MP da Eletrobras é “fake news”?
Seis partidos de Oposição (PT, PSB, PCdoB, PDT, PSol e Rede) oficializaram um pedido junto ao presidente do Congresso Nacional, senador Rodrigo Pacheco, para que a MP que permite a desestatização da Eletrobras seja devolvida ao Poder Executivo.
Trata-se de uma iniciativa coerente com partidos de Oposição, que são ideologicamente contrários à privatização de qualquer coisa.
Mas, pensando um pouco mais sobre o assunto, foi uma iniciativa desnecessária. Na prática, o presidente Jair Bolsonaro não tem qualquer interesse efetivo em privatizar o Sistema Eletrobras.
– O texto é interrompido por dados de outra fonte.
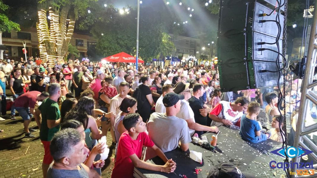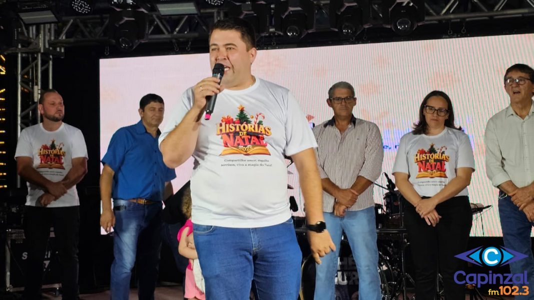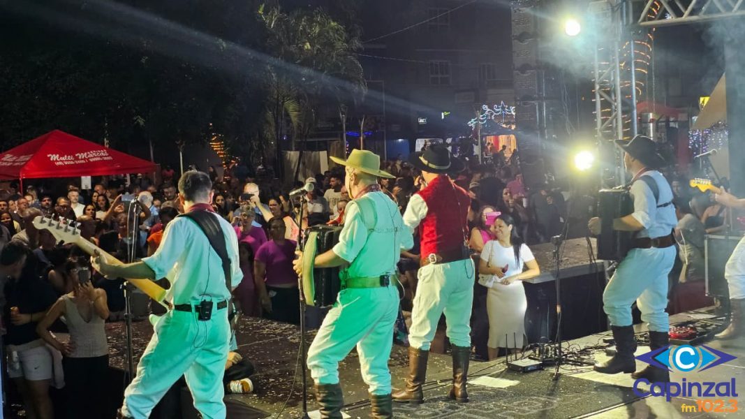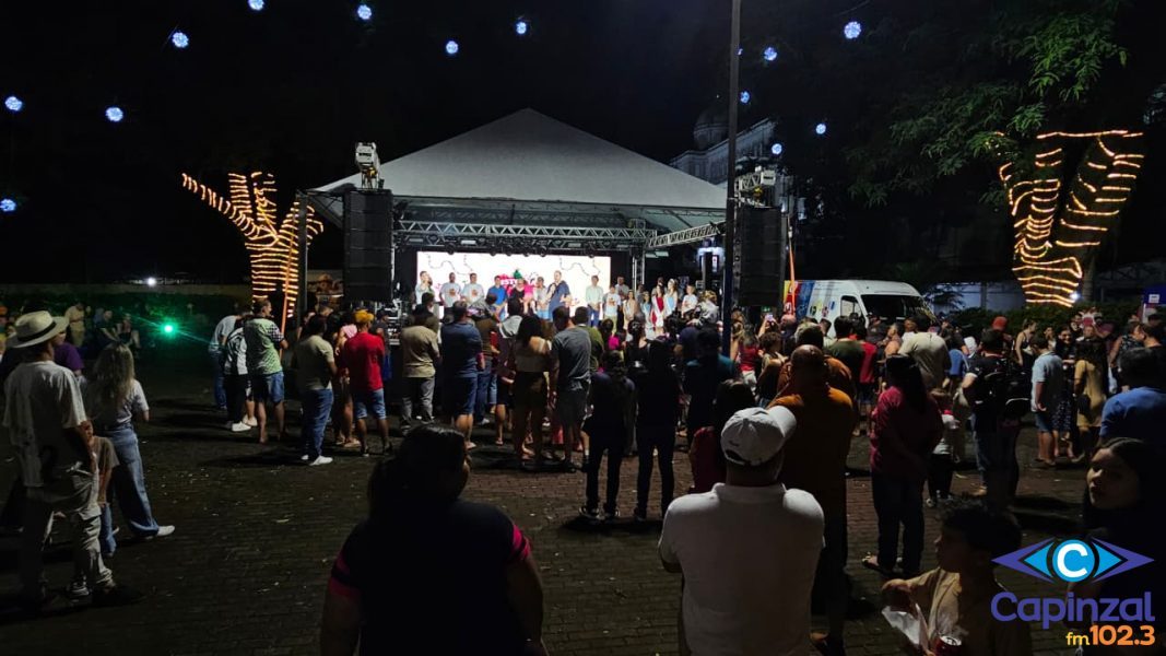 Capinzal encerrou na noite desta terça-feira (23) a programação do Histórias de Natal 2025, em evento realizado na Praça Pedro Lélis da Rocha. A celebração reuniu grande público e contou com a presença do Papai Noel, apresentações do grupo Faro Eventos e, na sequência, show do Grupo Tchê Guri.

De verdade, ninguém acredita nisso, embora os meios de comunicação, inclusive este site, tenham aberto muitos espaços para o encaminhamento da MP. Era necessário registrar o fato.
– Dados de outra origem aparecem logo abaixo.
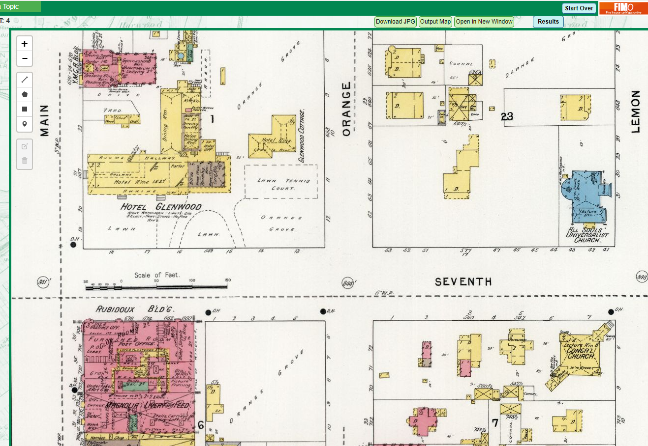 To give you an idea of what's available, here's a sample of a Sanborn map of downtown Riverside from 1895:

É relativamente fácil explicar as dificuldades pelas quais passará um eventual processo de desestatização da Eletrobras.
Vale lembrar que o assunto entra e sai da agenda dos diversos governos desde o final dos anos 90. O presidente Fernando Henrique Cardoso foi escandalosamente sabotado pelo então PFL (hoje DEM), que era um dos baluartes da sua base de apoio partidário. Na época, o PFL se aliou ao PT para impedir a privatização da Eletrobras.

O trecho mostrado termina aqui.